En 2022, l’inter coalition Yewwi-Wallu avait réussi à se partager l’intégralité des départements y compris les 8 circonscriptions des Sénégalais établis à l’étranger lors des investitures. Dès la sortie des listes validées par la Direction Générale des Elections (DGE), les deux coalitions avaient commencé le travail de sensibilisation de leurs militants et sympathisants sur le bulletin à choisir pour chaque département. Cette nouveauté que d’aucun a baptisé PDF – entendez Plan Déthié Fall – a permis de faire siéger à l’Assemblée Nationale quasiment autant de députés de l’opposition que de la majorité présidentielle (82 contre 83). Le jeu est beaucoup moins clair pour ces élections législatives anticipées du 17 novembre 2024.

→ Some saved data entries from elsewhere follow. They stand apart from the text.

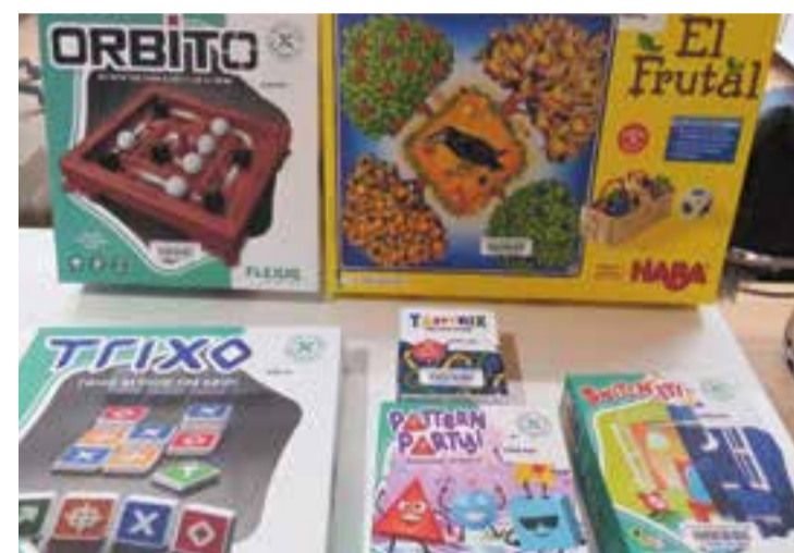
Alguns dels jocs que la Biblioteca Antoni Tort ofereix en préstec. || CEDIDA

També es podran agafar en préstec amb el carnet de biblioteques de la Diputació. + || REDACCIÓ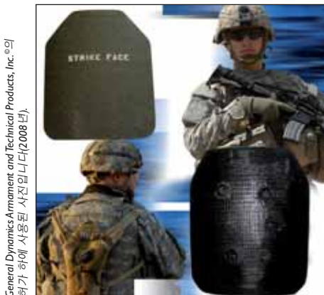
General Dynamics Armament and Technical Products, Inc.의 허가 하에 사용된 사진입니다(2008년).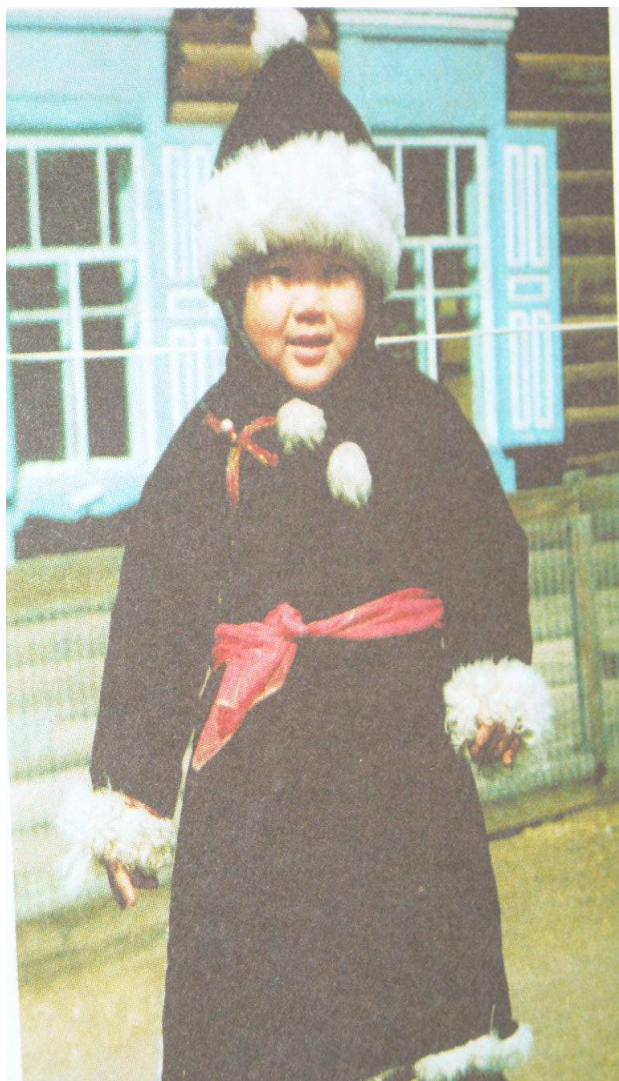
Бага үхибүүдэй хубсахан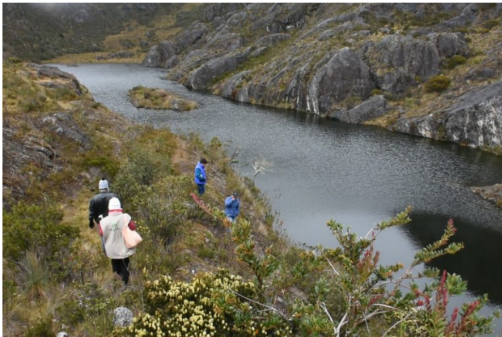
Páramo de Santurbán

GUILLERMO GARCÍA REALPE | OPINIÓN 16 horas ago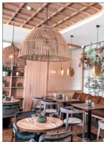
„Namuų restoraną“ įsikūrė Birštono kultūros centro erdvėje.

Kempingas „Natur Camp Birštonas“ plėsdamas savo veiklą šį sezoną pristato septynis naujus keturviečius „Pušyno namelius“ su visais patogumais bei šešias prabangaus stovyklavimo dvivietes „Glamping“ palapines, kurių privalumas – miegas patogioje lovoje gamtos apsuptyje.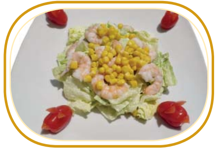
172. EBI INSALATA €5,00 (insalata, mais, gamberi *cotti, pomodoro, maionese)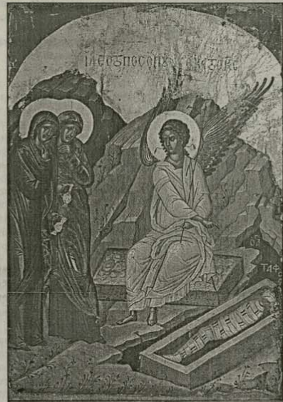
Ангелът на гроба Господен Икона от Теофан Критянин, 1546 г.

Смъртта не е край на нашия живот, а само на неговия земен дял: тя е излаз и врата, през която да минем към спасението и вечността. Затова различните измрения на отношението ни към смъртта и към нашите покойници – илюстративни епифани, канонизациите, отношението към гробовете и пр. – са мерило за нашата духовна зрелост. ЦВ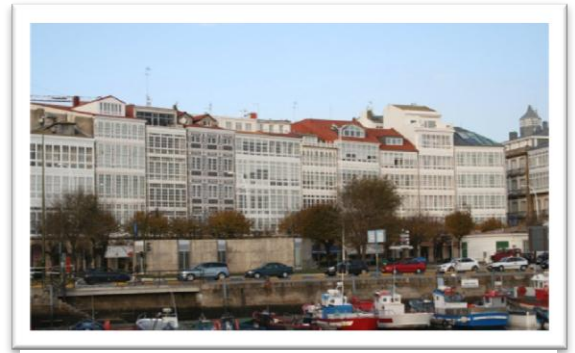
De inglasade balkongerna i La Coruña.

La Coruña är en trevlig stad. Det finns en gammal stadskärna som numera mest består av restauranger och barer. Går man där på kvällen är det mycket folk i rörelse. Går man där på dagen ser det lite slitet ut, men det är ju å andra sidan en gammal stad. Resten av La Coruña är också trivsamt, en blandning av gemytt och stor stad. Staden är känd för sina inglasade balkonger som ger husen ett speciellt utseende. I La Coruña finns tillgång till allt man kan tänka sig, stan har ca 250.000 invånare. Prisnivån är ungefär som i Sverige, maten har kanske lite lägre pris, i varje fall på vissa varor. En fläskfilé till exempel kostar ca 35 kr - de får väl en massa filé över när de skall göra Serranoskinka, den är minsann inte billigare än hemma!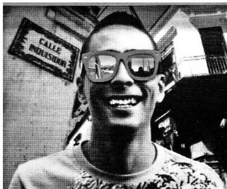
Do not cross, de Ernesto Javier Fernández.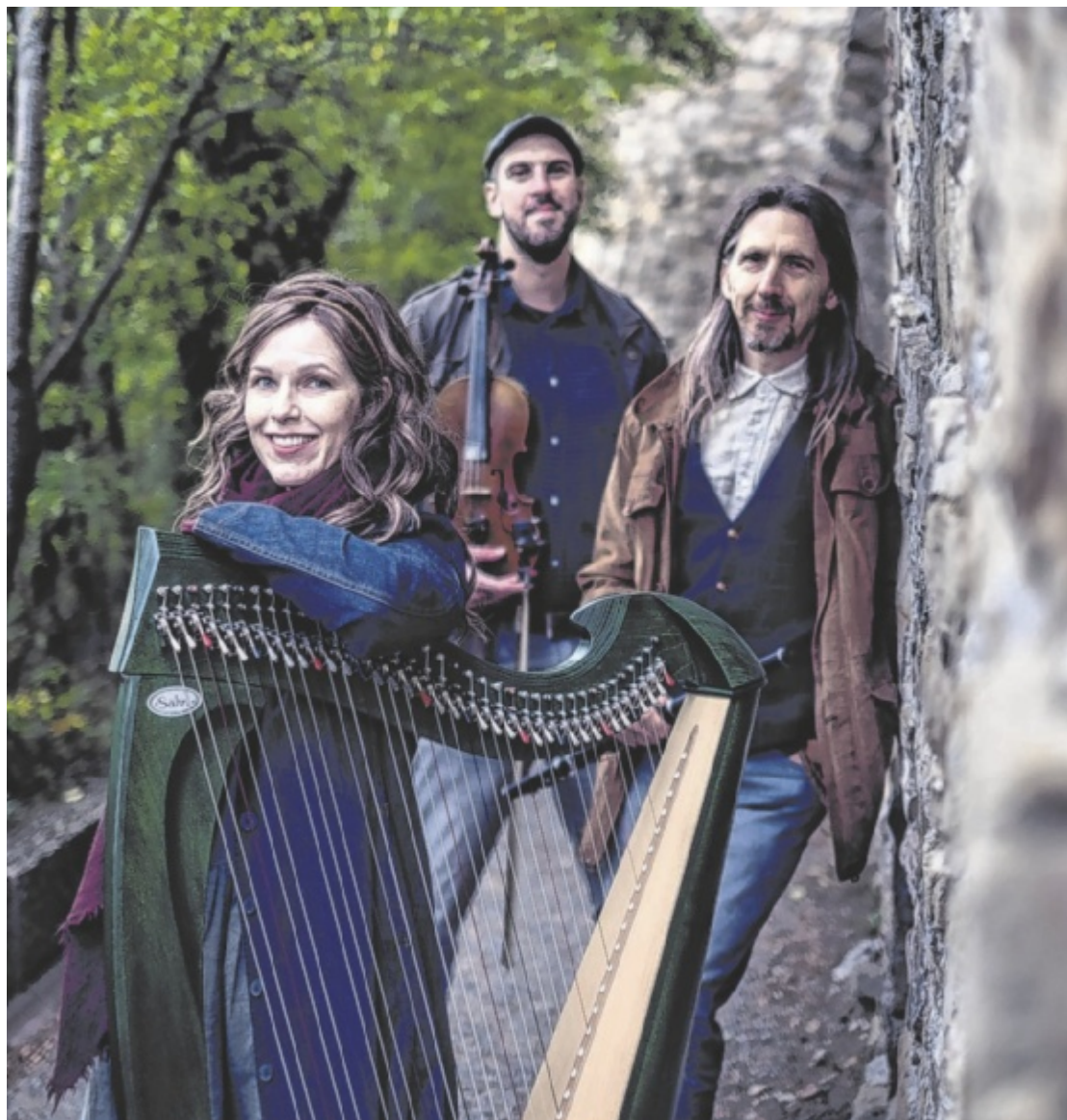
Celtic Christmas Weihnachtsstimmung mit keltischem Klang bietet das österreichische Celtic Folk Trio Spinning Wheel am 19. Dezember in Stephanshart. Im Einsatz ist unter anderem die irische Harfe. Seite 18 / Foto: Jan Lederer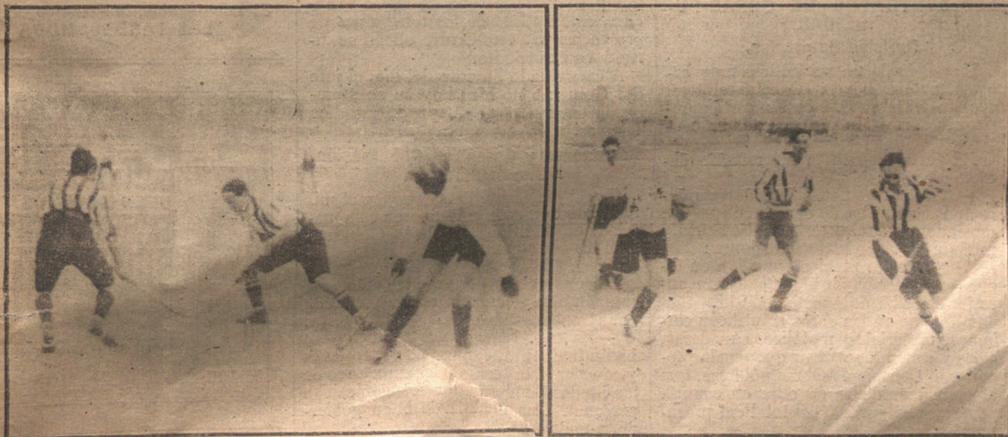
Dos momentos del partido de «Hockey», jugado ayer tarde entre el Real Polo Club, de Barcelona, y el Athletic, de Madrid.

Nuestro querido colega «El Debate» publica una carta de su corresponsal fechada el día 30, y que contiene la siguiente información: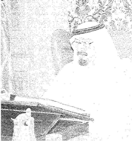
خادم الحرمين الشريفين خلال ترؤسه اجتماع المجلس الاعلى لشؤون البترول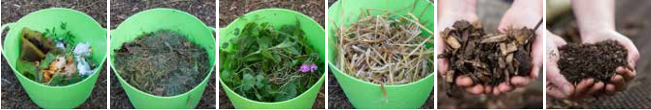
Voorbeelden van 'groen' materiaal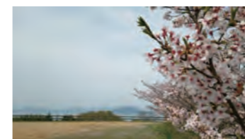
【さぬきワイナリーの桜】 ↑瀬戸内海を見渡す大串半島 ←四国初のワイナリー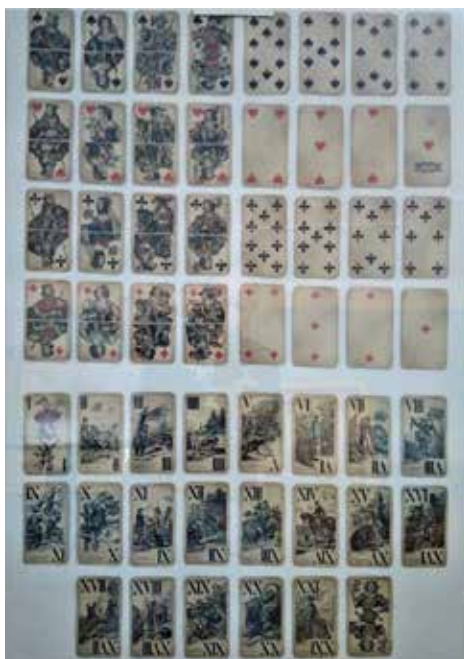
Taroky z roku 1880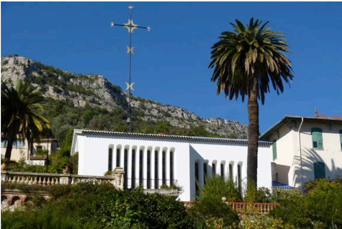
Vue extérieure de la chapelle du Rosaire de Vence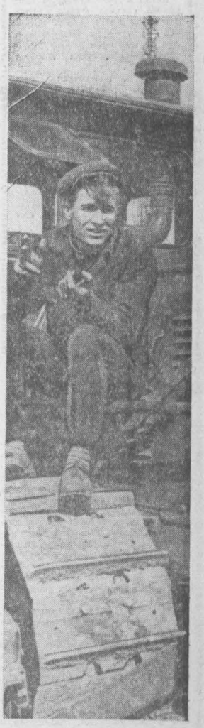
НА СНИМКЕ: ПЕТР БУЛАТОВ.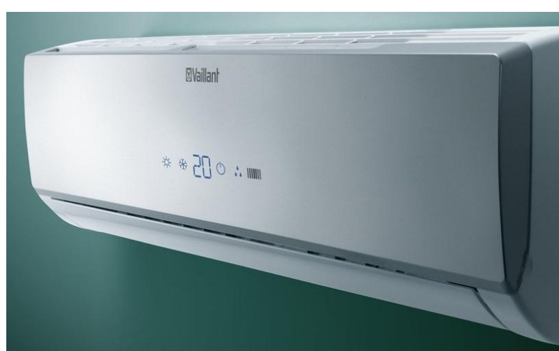
climaVAIR VAI 3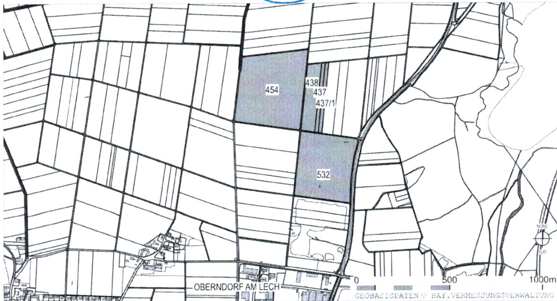
Abbildung 1: Übersichtslageplan, Maßstab 1:10.000, ALKIS, Bayerische Vermessungsverwaltung – www.geodaten.bayern.de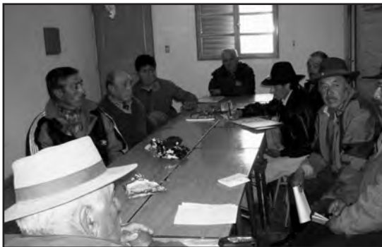
Socios de Accan planificando la esquila y precios de la lana

El proceso organizativo, a medida que transcurrió el tiempo, se fue consolidando, creciendo en número de asociados y cantidad de lana y mohair acopiado. En tal sentido fueron incorporando a su trabajo temáticas diferentes de la producción ovina y caprina y participando de espacios de decisión o generando propuestas políticas referidas al sector de pequeños productores.

D’abord parce qu’il y a trois grandes coalitions de l’opposition que tout oppose et qui doivent se partager les sièges dans chaque circonscription pendant que la grande majorité des départements n’envoient à l’Assemblée nationale que deux voire un seul député. A cela, il faut ajouter l’anticipation de ces élections qui ne laissent pas suffisamment de temps aux forces pour se mettre d’accord et confectionner des listes communes dans les départements. Last but not least, l’adversité récente ou naissante entre les trois forces n’arrange pas les choses. C’est pourquoi la configuration de l’inter coalition 2024 ressemble à un puzzle que même les politiciens ou analystes politiques les plus avertis auraient beaucoup de mal à assembler. Elle fera certainement moins bien qu’en 2022 surtout que la liste de la mouvance présidentielle pourrait bénéficier encore de l’état grâce, sept mois après l’élection du Président Bassirou Diomaye Diakhar Faye.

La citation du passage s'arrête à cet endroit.